薄いピンク色で、輪になって珍しい咲き方をしてますね❗
今年は、九輪草の花はどうでしたか?

渓流釣りの様子も、楽しみにしています🎵❕
彩雲
2020年06月17日 15:12
櫻島 さま
こんにちは♪

残念ながら最高の時季は逸してしまいましたが、それでも多くの草花にも会うことができました。
このオドリコソウも、これまで見たそれとは異なる可愛らしく印象的な花でした。

クリンソウはシーズン終盤でしたが、鮮紫桃色や白色の残り花を目にすることができました。

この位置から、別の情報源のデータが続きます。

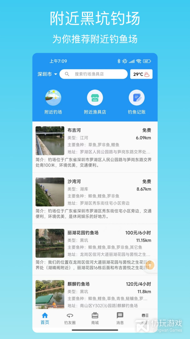 3、查看您附近的钓场资料,文字和图片记录您每次钓鱼的渔获。
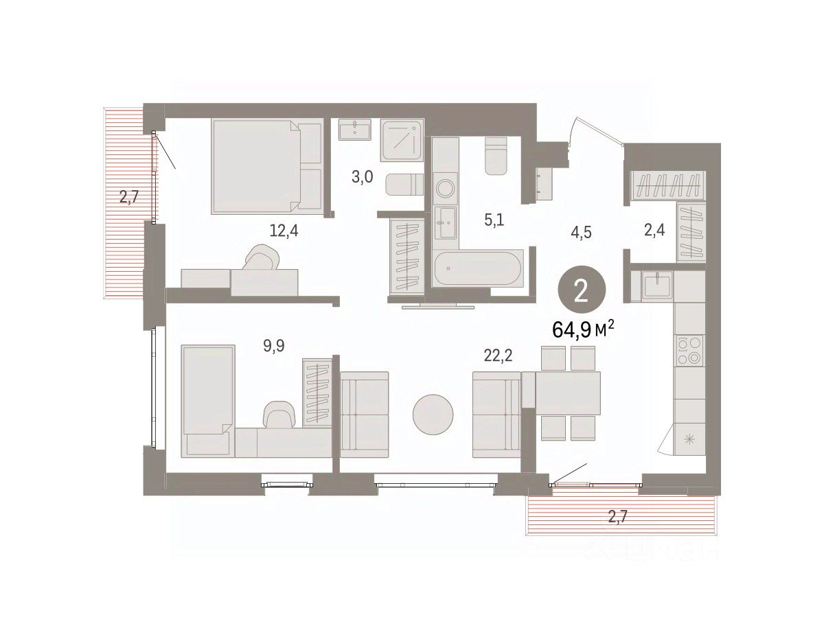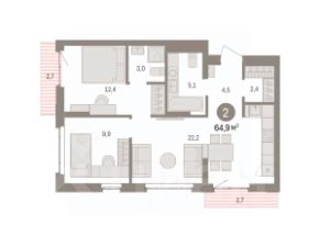 Просторная 2-комн. квартира с предчистовой отделкой в ЖК "Квартал Траектория" на 7 этаже. Общая площадь: 64.9 кв.м., жилая: 22.3 кв.м., площадь просторной кухни-столовой: 22.2 кв.м. Квартира угловая, идеально подойдет любителям тишины и панорамных видов. В квартире два балкона, два совмещенных санузла. Высота потолков 2.82 м.

渓流は渇水状態で、連日快晴の中、イワナの37センチを頭に良型が連続して竿を絞るので増水したらどうなることかと思うほどでしたが、食用とする手ごろサイズを一部キープしただけで釣り上げた殆どを流れに戻しました。
十二分に堪能させて頂いてきました。
2020年06月17日 23:45
こんばんは!
オドリコソウは奥山では6月に咲くんですね。平地では4月下旬頃に咲いていました。こちらでは白花が群生し、たまにピンクの花が咲いていました。
名前のように輪になって踊っているようで可愛いですね。
彩雲
2020年06月18日 08:26
eko さま
おはようございます♬

東北の山奥では、鬱蒼とした原生林の林床に繁茂する緑の草の中に、ポツンポツンと点在して咲いていました。
オドリコソウの声が聞こえてきそうな、実に印象的な風情を醸しておりました。
淡いピンクの花ばかりで、白花はありそうでありませんでした。

コメントありがとうございました。